The optimal pain management concept in children after tonsil surgery is controversial. Ibuprofen on an “around-the-clock” basis has been suggested to control postoperative pain sufficiently. Therefore, we established a standard scheme with weight-adapted recommended maximum ibuprofen dose. A reliable assessment of pain intensity can be performed with the Children’s and Infants’ Postoperative Pain Scale (CHIPPS) in children < 5 years, or with the Faces Pain Scale-Revised (FPS-R) in children aged ≥ 5 years. The Parents’ Postoperative Pain Measure (PPPM-D) may be a useful tool for both age groups. We hypothesized that not more than 30% of the children would need an opioid rescue medication during their in-hospital stay and analyzed the consistency of the PPPM-D with other pain scales.

Methods

We included 158 in-patients aged 2–12 years. Ibuprofen was orally administered every 8 h. Three times daily, pain scores were assessed by CHIPPS or FPS-R, respectively. The PPPM-D was used in all children.
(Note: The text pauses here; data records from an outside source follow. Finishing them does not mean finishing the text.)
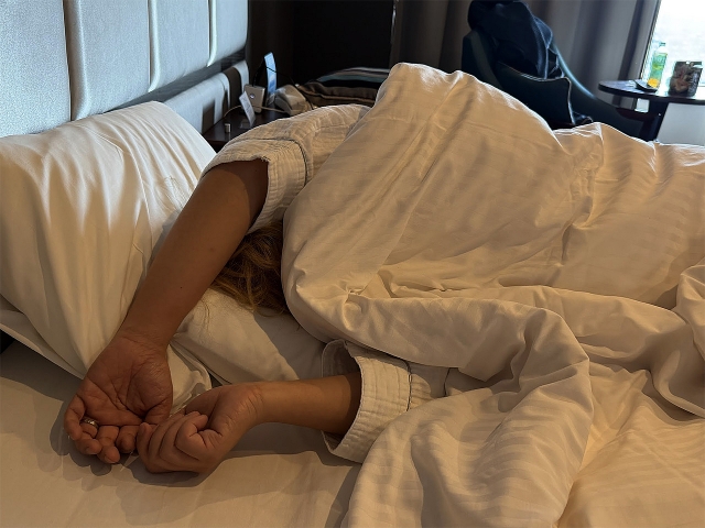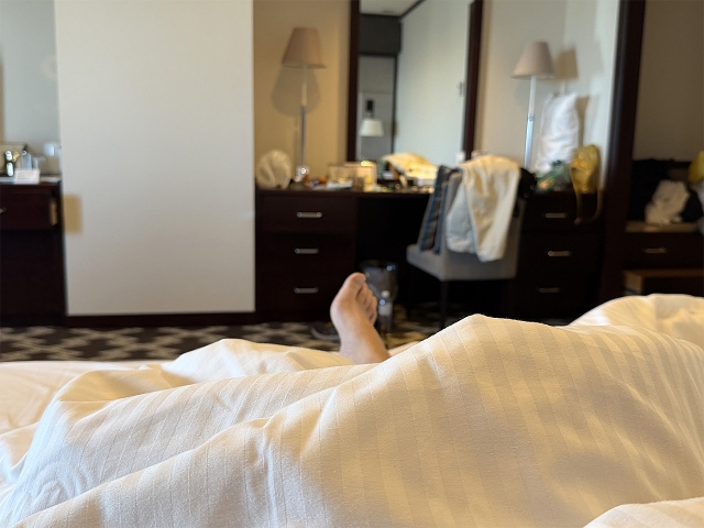 寝不足+満腹+肌触りの良いふとん+静かなホテル、そして背徳感。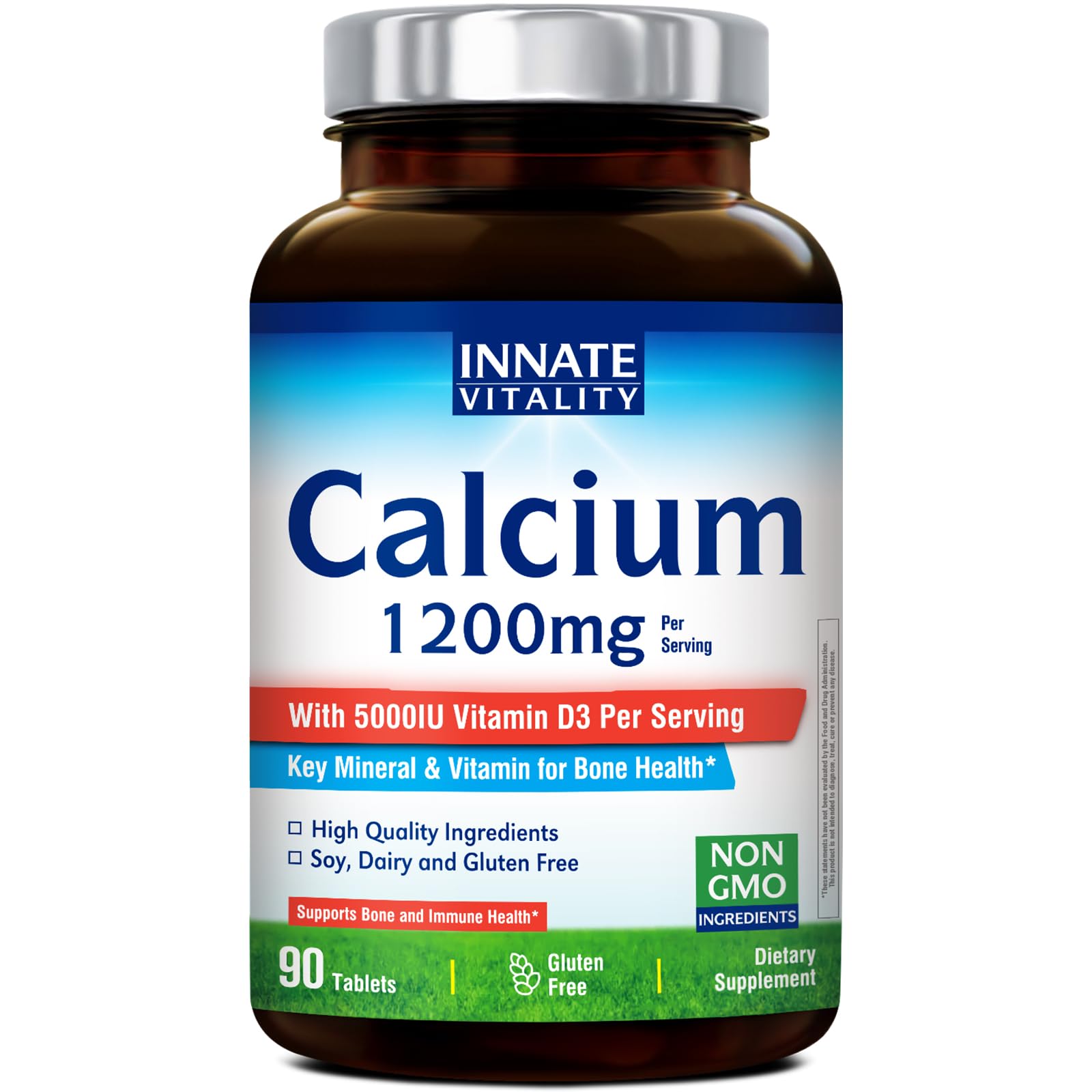 Innate Vitality Calcium 1200 mg with Vitamin D3 5000IU Vitamin D3 Absorbable Calcium Supplement Non GMO No Gluten for Bone Immunity 90 Tablets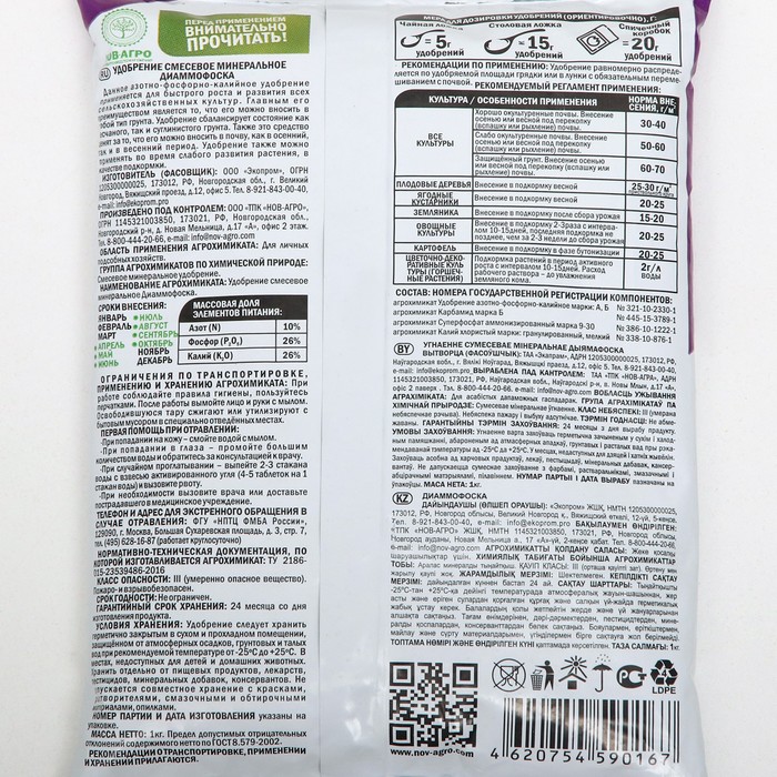 Его применение особенно выгодно в почвенных зонах с низким содержанием подвижного фосфора и калия, где отзывчивость культурных растений на диаммофоску выше, чем на плодородных почвах.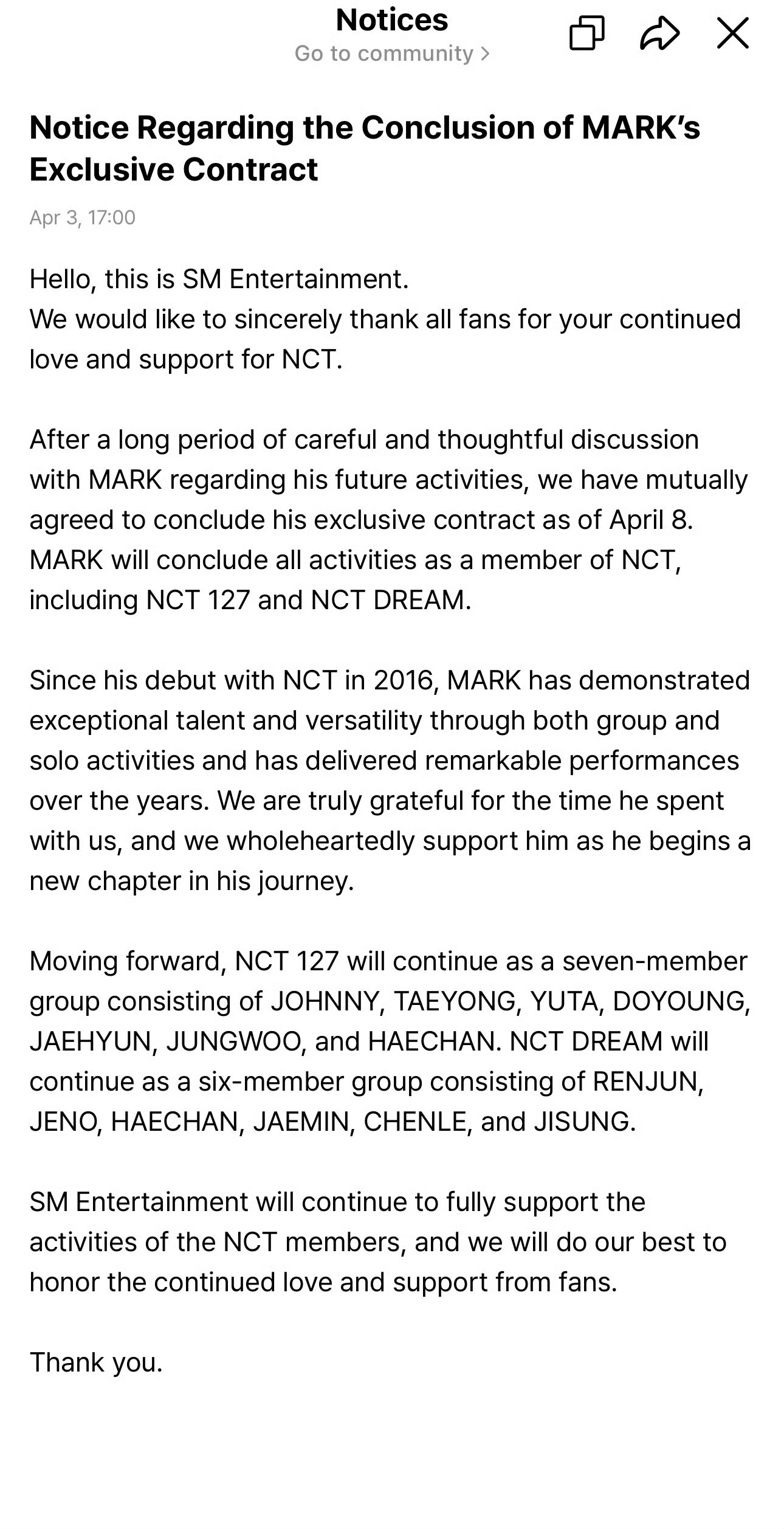 sm官宣与李马克解约,今后将不参与nct活动李马克解约李马克将不参与nct活动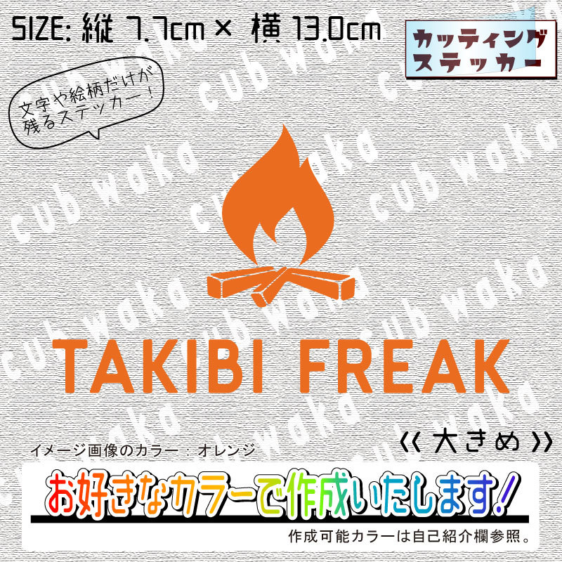 > TAKIBI FREAK①大ステッカー 文字絵柄だけ残るカッティングステッカー・車・カブ CAMP・キャンプ・焚き火 リアガラス・リアボックス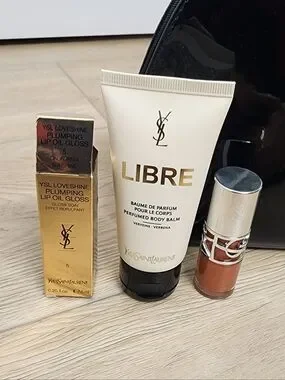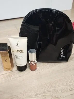 New Ysl Black Patent Leather Makeup Pouch Bag + 2 Pcs Makeup Skincare Gift Set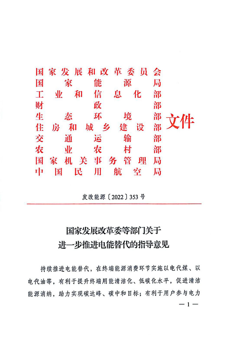 3月9日,国家发展改革委、国家能源局、工业和信息化部、财政部、生态环境部、住房城乡建设部、交通运输部、农业农村部、国家机关事务管理局、中国民用航空局等10部门联合印发《关于进一步推进电能替代的指导意见》。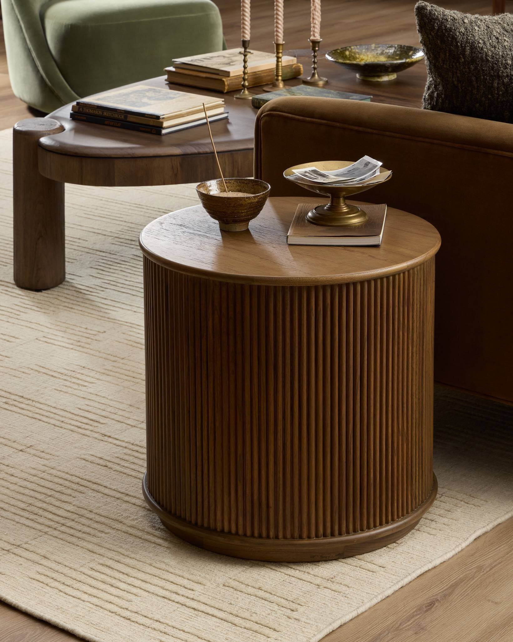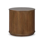 The Ona End Table showcases handcrafted detail with its carved reeding pattern that wraps the entire surface. Built from warm mindi wood with a sturdy plinth base, it brings tactile interest and artisanal charm to any room. This approachable yet refined piece works equally well beside a sofa or in a bedroom, adding character wherever it's placed.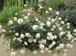 Отличается густой, раскидистой, полустелющейся кроной, белоснежными цветками и продолжительным, обильным цветением.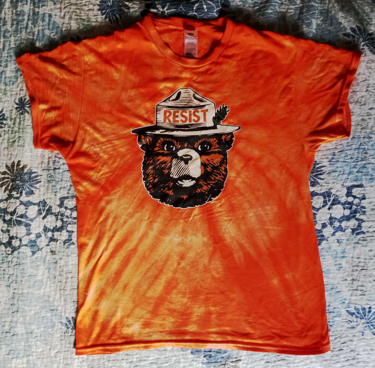 I am not the activist type, and had never attended a protest in my life. That is, until Oct 18, 2025, “No Kings Day.” What I was seeing around me was getting so intolerable, I could no longer remain silent. Bought this tie-die shirt for $20 – Smokey reminding us that Only WE can prevent fascism.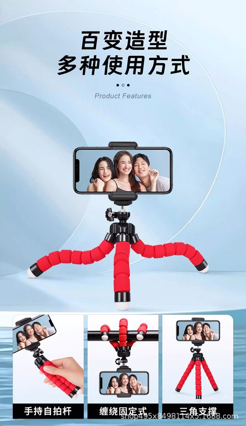 문어 모양 휴대폰 거치대, 휴대폰 삼각대, 다기능 셀카 도구, 라이브 방송 및 사진 촬영용 미니 스마트 거치대스토어 가기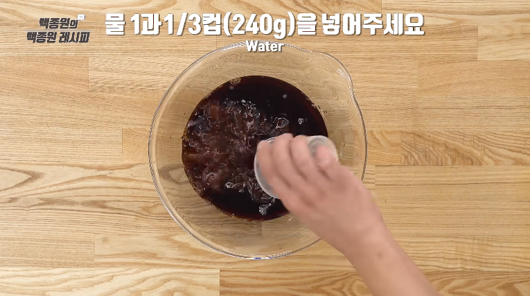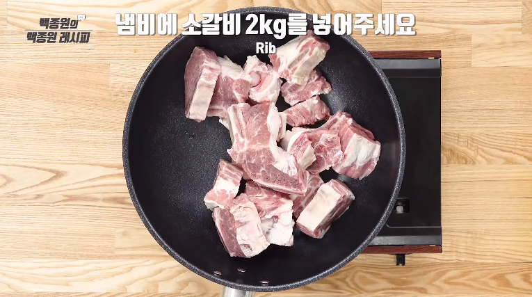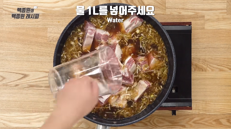 9. 이번 백종원 황금레시피에서는 소갈비를 따로 삶지 않고 한 번에 끓여 조리 과정을 간단하게 했어요. 깨끗이 씻은 소갈비에 갈비 양념과 물 1L를 넣고 끓이다가, 끓기 시작하면 중불로 줄여 약 1시간 정도 끓여주세요.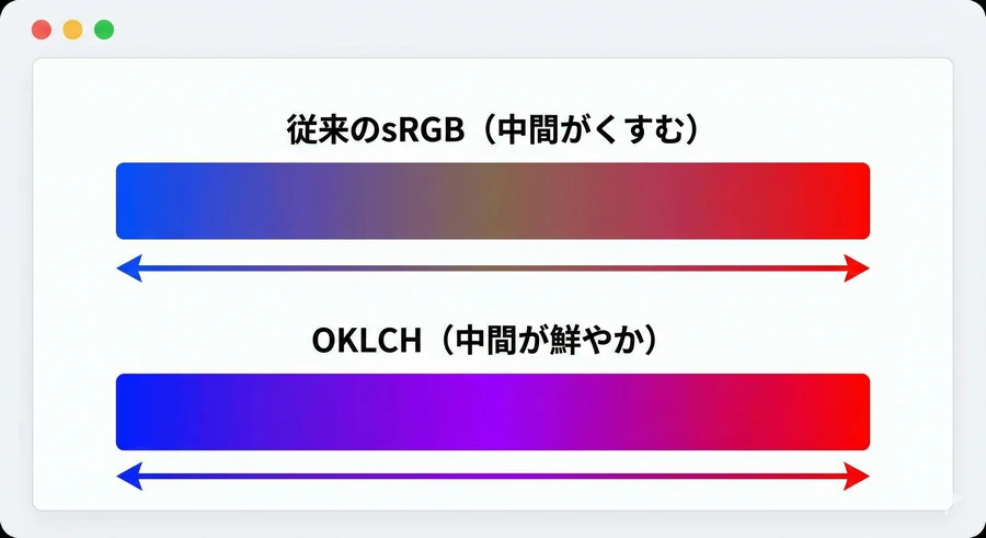 グラデーションにおいてこの特性は極めて強力です。例えば、青色から赤色へ変化する際、従来のRGB補間では中間地点で色がグレーがかって「くすんで」見える(デッドゾーン)ことがありましたが、OKLCH補間を指定すると、中間色も鮮やかで透明感のある遷移が可能になります [14]。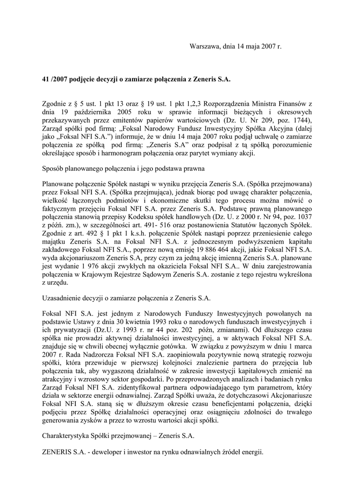 Warszawa, dnia 14 maja 2007 r. 41 /2007 podjęcie decyzji o zamiarze połączenia z Zeneris S.A. Zgodnie z § 5 ust. 1 pkt 13 oraz § 19 ust. 1 pkt 1,2,3 Rozporządzenia Ministra Finansów z dnia 19 października 2005 roku w sprawie informacji bieżących i okresowych przekazywanych przez emitentów papierów wartościowych (Dz. U. Nr 209, poz. 1744), Zarząd spółki pod firmą: „Foksal Narodowy Fundusz Inwestycyjny Spółka Akcyjna (dalej jako „Foksal NFI S.A.”) informuje, że w dniu 14 maja 2007 roku podjął uchwałę o zamiarze połączenia ze spółką pod firmą: „Zeneris S.A” oraz podpisał z tą spółką porozumienie określające sposób i harmonogram połączenia oraz parytet wymiany akcji. Sposób planowanego połączenia i jego podstawa prawna Planowane połączenie Spółek nastąpi w wyniku przejęcia Zeneris S.A. (Spółka przejmowana) przez Foksal NFI S.A. (Spółka przejmująca), jednak biorąc pod uwagę charakter połączenia, wielkość łączonych podmiotów i ekonomiczne skutki tego procesu można mówić o faktycznym przejęciu Foksal NFI S.A. przez Zeneris S.A. Podstawę prawną planowanego połączenia stanowią przepisy Kodeksu spółek handlowych (Dz. U. z 2000 r. Nr 94, poz. 1037 z późń. zm.), w szczególności art. 491- 516 oraz postanowienia Statutów łączonych Spółek. Zgodnie z art. 492 § 1 pkt 1 k.s.h. połączenie Spółek nastąpi poprzez przeniesienie całego majątku Zeneris S.A. na Foksal NFI S.A. z jednoczesnym podwyższeniem kapitału zakładowego Foksal NFI S.A., poprzez nową emisję 19 886 464 akcji, jakie Foksal NFI S.A. wyda akcjonariuszom Zeneris S.A, przy czym za jedną akcję imienną Zeneris S.A. planowane jest wydanie 1 976 akcji zwykłych na okaziciela Foksal NFI S.A.. W dniu zarejestrowania połączenia w Krajowym Rejestrze Sądowym Zeneris S.A. zostanie z tego rejestru wykreślona z urzędu. Uzasadnienie decyzji o zamiarze połączenia z Zeneris S.A. Foksal NFI S.A. jest jednym z Narodowych Funduszy Inwestycyjnych powołanych na podstawie Ustawy z dnia 30 kwietnia 1993 roku o narodowych funduszach inwestycyjnych i ich prywatyzacji (Dz.U. z 1993 r. nr 44 poz. 202 późn, zmianami). Od dłuższego czasu spółka nie prowadzi aktywnej działalności inwestycyjnej, a w aktywach Foksal NFI S.A. znajduje się w chwili obecnej wyłącznie gotówka. W związku z powyższym w dniu 1 marca 2007 r. Rada Nadzorcza Foksal NFI S.A. zaopiniowała pozytywnie nową strategię rozwoju spółki, która przewiduje w pierwszej kolejności znalezienie partnera do przejęcia lub połączenia tak, aby wygaszoną działalność w zakresie inwestycji kapitałowych zmienić na atrakcyjny i wzrostowy sektor gospodarki. Po przeprowadzonych analizach i badaniach rynku Zarząd Foksal NFI S.A. zidentyfikował partnera odpowiadającego tym parametrom, który działa w sektorze energii odnawialnej. Zarząd Spółki uważa, że dotychczasowi Akcjonariusze Foksal NFI S.A. staną się w dłuższym okresie czasu beneficjentami połączenia, dzięki podjęciu przez Spółkę działalności operacyjnej oraz osiągnięciu zdolności do trwałego generowania zysków a przez to wzrostu wartości akcji spółki. Charakterystyka Spółki przejmowanej – Zeneris S.A. ZENERIS S.A. - deweloper i inwestor na rynku odnawialnych źródeł energii. ZENERIS S.A. jest spółką z ponad 10-letnią historią. Firma rozwija obecnie działalność inwestycyjną i deweloperską na rynku odnawialnych źródeł energii (OZE). Rynek ten jest wspierany przez prawo unijne, ustawodawstwo polskie i rozwija się w tempie, co najmniej kilkunastu procent rocznie. Spółka jest zarejestrowana w Poznaniu, przy ul. Paderewskiego 8, wpisana do rejestru przedsiębiorców prowadzonego przez Sąd Rejonowy w Poznaniu, XXI Wydział Gospodarczy Krajowego Rejestru Sądowego pod numerem 0000019842, REGON 630369789, posiada numer identyfikacji podatkowej NIP 678-00-38-842 oraz kapitał zakładowy w wysokości 10 064 000 zł. Akcje ZENERIS S.A. w 79,5 % należą do BB Investment Sp. z o.o., pozostałe 20,5% jest w rękach osób fizycznych. ZENERIS S.A. jest spółką powołaną do inwestycji w odnawialne źródła energii (OZE). Podstawowym przedmiotem działalności jest wyszukiwanie, przygotowywanie oraz finansowanie projektów inwestycyjnych na tym rynku. Spółka finansuje projekty zarówno poprzez obejmowanie udziałów kapitałowych, jak i organizowanie finansowania (dłużnego i dotacje). Po uruchomieniu projektów na rynku OZE spółka zarządza tymi przedsięwzięciami. Działalność jest prowadzona głównie w oparciu o spółki celowe, w których udziały ma ZENERIS S.A. Spółka oferuje również usługi o charakterze: - eksperta przygotowującego oraz weryfikującego studia wykonalności i biznesplany w segmencie OZE, - generalnego wykonawcy instalacji biogazowych (biogazowni rolniczych i utylizacyjnych), - podmiotu oferującego wsparcie naukowe w zakresie prowadzenia badań laboratoryjnych na potrzeby projektów OZE, w szczególności fermentacji metanowej (biogaz) i optymalizacji instalacji biogazowych. Spółka dotychczas koncentrowała swoje działania na pozyskaniu projektów, nastawionych w głównej mierze na produkcji energii elektrycznej z : - biomasy stałej, - biogazu uzyskanego z fermentacji odpadów roślinnych i zwierzęcych, - w elektrowniach wodnych. Równolegle ZENERIS S.A. prowadzi działania weryfikujące nowe technologie w zakresie produkcji ciepła i energii elektrycznej, ze szczególnym uwzględnieniem technologii biogazowych i biomasowych. Spółka wykorzystując swoje dziesięcioletnie doświadczenie samodzielnie zajmuje się organizowaniem finansowania przedsięwzięć energetycznych z wykorzystaniem środków pomocowych: funduszy strukturalnych, preferencyjnych kredytów celowych oraz grantów. Obecnie Spółka jako deweloper i inwestor realizuje przedsięwzięcia: - projekt inwestycyjny w sektorze produkcji energii elektrycznej i ciepła z biomasy stałej, 
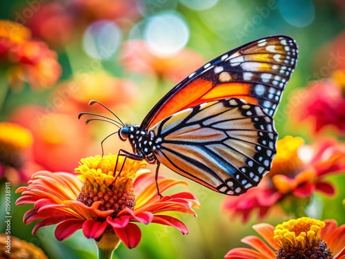 © Four888, Obraz premium Panoramic Close-Up: Butterfly Pollinating Flower, Detailed Pollen Collection
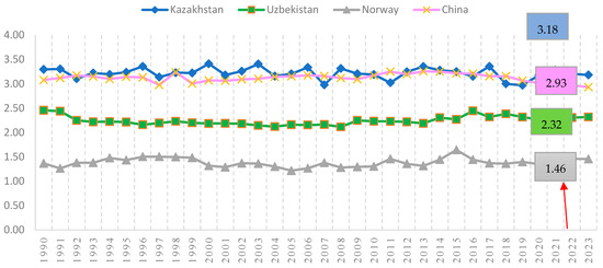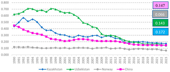 The link between economic structure and emissions levels is confirmed by econometric indicators: the carbon intensity of GDP in countries dependent on hydrocarbon exports (Kazakhstan, Turkmenistan), is 0.5–0.6 kg CO2/$1 GDP, while in Kyrgyzstan and Tajikistan this figure is lower (0.2–0.3 kg CO2/$1 GDP). Evidence of excessive energy consumption in CACs, particularly in Uzbekistan and Kazakhstan, is demonstrated by the energy intensity indicator, measured as energy use per $1000 of GDP for the period 1990–2023 (Figure 5). This indicator is significantly higher than that of developed countries, such as Norway (2–4 times higher) and China (1.5–2 times higher), which were selected for comparison [32]. High energy intensity is often associated with the predominant use of fossil fuels for energy generation, leading to elevated GHG emissions. The data presented herein suggest that Kazakhstan and Uzbekistan exhibit the highest levels of energy and carbon intensity within the Europe and Central Asia region.

Exceeding the cut-off value in one of the tools was regarded as relevant pain.

Results

A rescue medication was needed in 82.1% of children after tonsillectomy and 51.3% of children after tonsillotomy (P < 0.001). The cut-off value for relevant pain was mostly exceeded in the PPPM-D, but its overall concordance to the reference scales was low.

Conclusion

High-dose ibuprofen “around-the-clock” is insufficient to control pain in children after tonsil surgery. Research is needed to find an optimal schema for management and assessment of postoperative pain.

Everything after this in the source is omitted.